C Programming - Variable Number of Arguments - Discussion

How the answer comes? Please explain.

First arg array:

1, "Apple", "Boys", "Cats", "Dogs"

va _start( ptr , 1)

puts the start point at the first element (arg arrays start at 1, not 0), so the start point is the element "1"

va_arg (ptr,char*)

says, return the first element that is a char pointer, which is the second element "Apple*

Second arg array:
2, 12, 13, 14

va _start( ptr , 2)

means the starting point it the second element in the array, "12"

va_ arg(ptr,int)

Means return the first element that is type int from the starting point. Since the element the staring pointer is point to, it returns it which is "12"

The confusion comes from:
1) element 1 is the first element in the array, NOT the element at index 0.
2) the first element is used as both the starting element and counts as an element in the array, it is not "consumed".
3) va_ arg returns the first element which matches the given data type, from the starting point previously set by va_start.

I didn't understand. Please explain.

According to me,

fun1

num=1
ptr is a va_list variable.
ptr , 1
str copy Apple // ptr=1 so first string copy

Apple //print

fun2

num=2
ptr=2
num= (12+13)/2 // average of first two number
num =12

12 //print

The final answer is;
Apple12.

Here, in void func 1,

va _start( ptr , num ) points to first argument in func 1 ie '1'
str=va_arg (ptr,char*) points to next argument in func 1 ie 'Apple' as there is no loops it directly prints Apple.

In void func2,

va_start( ptr,num) points to first argument in void func2 ie '2'
va_ arg(ptr,int) points to next argument in void func2 ie. '12' as there is no loops it directly prints '12' as output.
So our output is Apple 12.

I didn't understand. Please correct explanation.

At 1st calling function called i.e. str = va_arg(ptr, char *);

It takes very 1st character pointer which starts after the num {void fun1(int num, ...);} and when the 2nd calling function called i.e. num = va_arg(ptr, int);

It takes the 1st argument of function after num {void fun2(int num, ...);}

Here va_start(ptr, num) change the location of calling function.

If you cannot call va_start function in definition fun1 then it show segmentation fault and if you cannot call in definition of fun2 then it take after 12 i.e 13.

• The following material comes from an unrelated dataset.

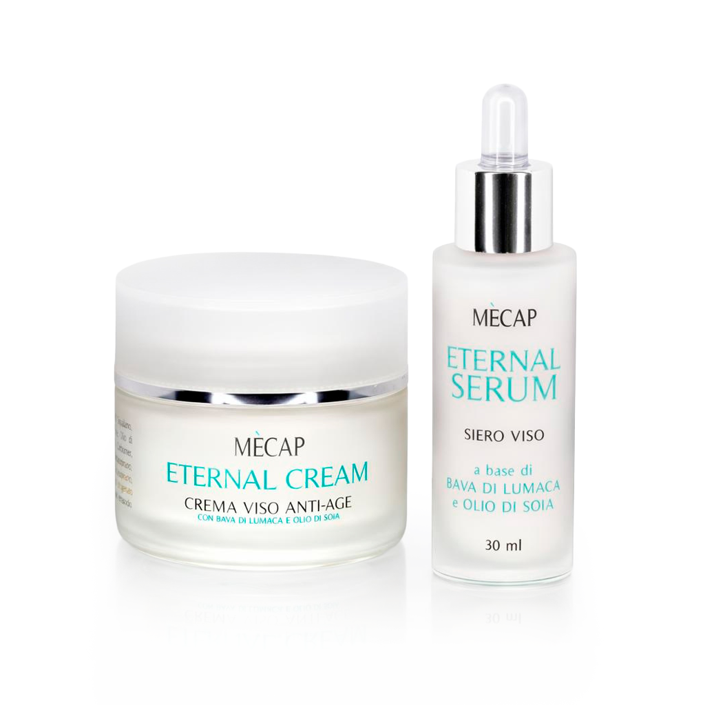 La nostra linea Eternal è un trattamento innovativo ed intensivo, ideale per idratare, nutrire e rigenerare la pelle del viso. La sua formula naturale combina le straordinarie proprietà della bava di lumaca, conosciuta per il suo effetto rigenerante e anti-age, con l’olio di soia, ricco di acidi grassi essenziali e vitamina E, per un’intensa azione nutriente, elasticizzante e favorendo il trattamento di cicatrici, macchie cutanee e piccole rughe. La crema nutre in profondità la pelle, il siero dona elasticità, luminosità e un aspetto visibilmente più giovane.

So, you have to understand how va_start and va_arg function works.

Can any one explain it properly?

In 1st function it calls %s. So it is string using va_list ptr, in 2nd function va_list ptr calls %d and at 2nd pointer of the 2nd function.

As I couldn't find any precise explanations, so I decided to post one myself:

va_start() always points to the 1st parameter of the "Variable Argument List (...)". Hence, in both the cases we are getting the first parameter as the output, as va_arg() is retrieving the first argument.

Note: If va_arg() is called multiple times by any mechanism then it will simply advance the pointer in the Var. Arg. List. It even returns garbage if the list's bound is passed.